Court Opinion

ID: 6235414
Source: CourtListenerOpinion
Date Created: 2022-02-17 20:31:23.79209+00
Date Added: 2024-06-11T08:58:02.134714
License: Public Domain

Mr. Justice Gordon
delivered the opinion of the court, January 2d 1877.
In this case we sustain the finding of the auditor and decree of the court, except so far as the disposition of the costs of audit are concerned; inasmuch as the appeal of the Second National Bank *203of Titusville from this same decree has been sustained, the appellant in this case should pay all costs,' as they result from its own motion.

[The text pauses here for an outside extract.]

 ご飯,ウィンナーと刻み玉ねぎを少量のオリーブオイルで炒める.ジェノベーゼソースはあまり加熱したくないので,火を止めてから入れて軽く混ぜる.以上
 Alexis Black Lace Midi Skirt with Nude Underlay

Though judgment No. 633, Nov. Term 1873, the one in controversy, was the debt secured by the mortgage of Hall & Bosley to Wikoff and others, and was in fact security for the payment of the purchase-money mortgage of Wikoff et al. to Hershberg, it was, nevertheless, a valid obligation as against Hall & Bosley, and when the bank, under its agreement with them, paid the money to Wikoff, Lamb & Hunter, and took their assignment of this judgment, it was entitled to hold the same until paid. It may have been the duty of Wikoff, Lamb & Hunter to have applied the money which they received in relief of the property by payment of the Hershberg mortgage, but it was not the duty of the bank to see to such application, for it had not so contracted, neither had it knowledge that such application was either proper or possible.

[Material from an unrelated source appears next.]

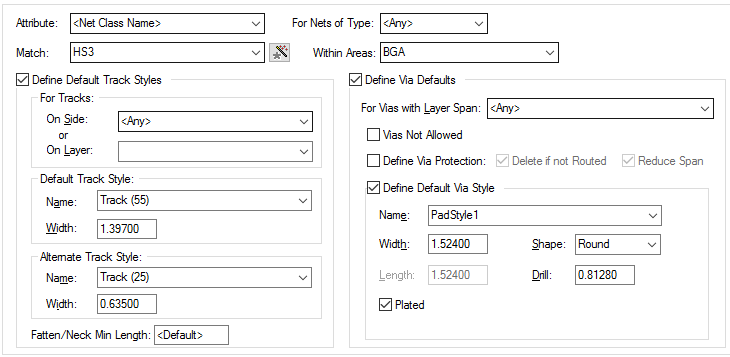 A rule specify the default track styles or the default via styles, or both of these by checking the Define Default Track Styles or the Define Via Defaults boxes.
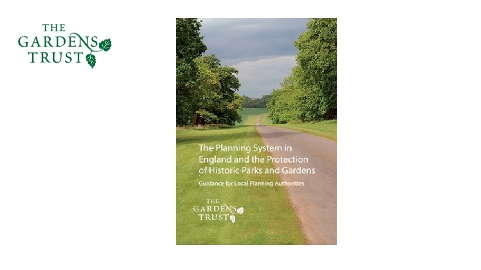 The Planning System in England Wales: progressing the protection of parks and gardens Sarah Dickinson Board member and Vice Chair Conservation Committee The Gardens Trust

As to the question of the defalcation of the usurious discounts, we have but to say : if the amount received by the bank was no more than sufficient to cover the amount of money actually received by Hall & Bosley, then no interest of a usurious or any other character has been paid and there can be no set-off on that score. If, however, the several debts and interest have been paid, they have themselves determined' their remedy by the suits which they brought, under the Act of Congress, for the recovery of double the amount of the alleged usurious interest, and as they have assigned all their rights in such suits to F. W. Ames, neither they nor their creditors have anything to set off. Had the usury complained of been paid on the judgments in controversy, the case would be different, for then it must be treated as payment fro tanto ; but as the auditor has found that such is not the fact, but that the unlawful interest, if paid at all, was paid on notes negotiated in 1872, it is clear to us that the conclusion arrived at in the court below is the correct one.
Decree affirmed and it is ordered that the appellant pay all costs.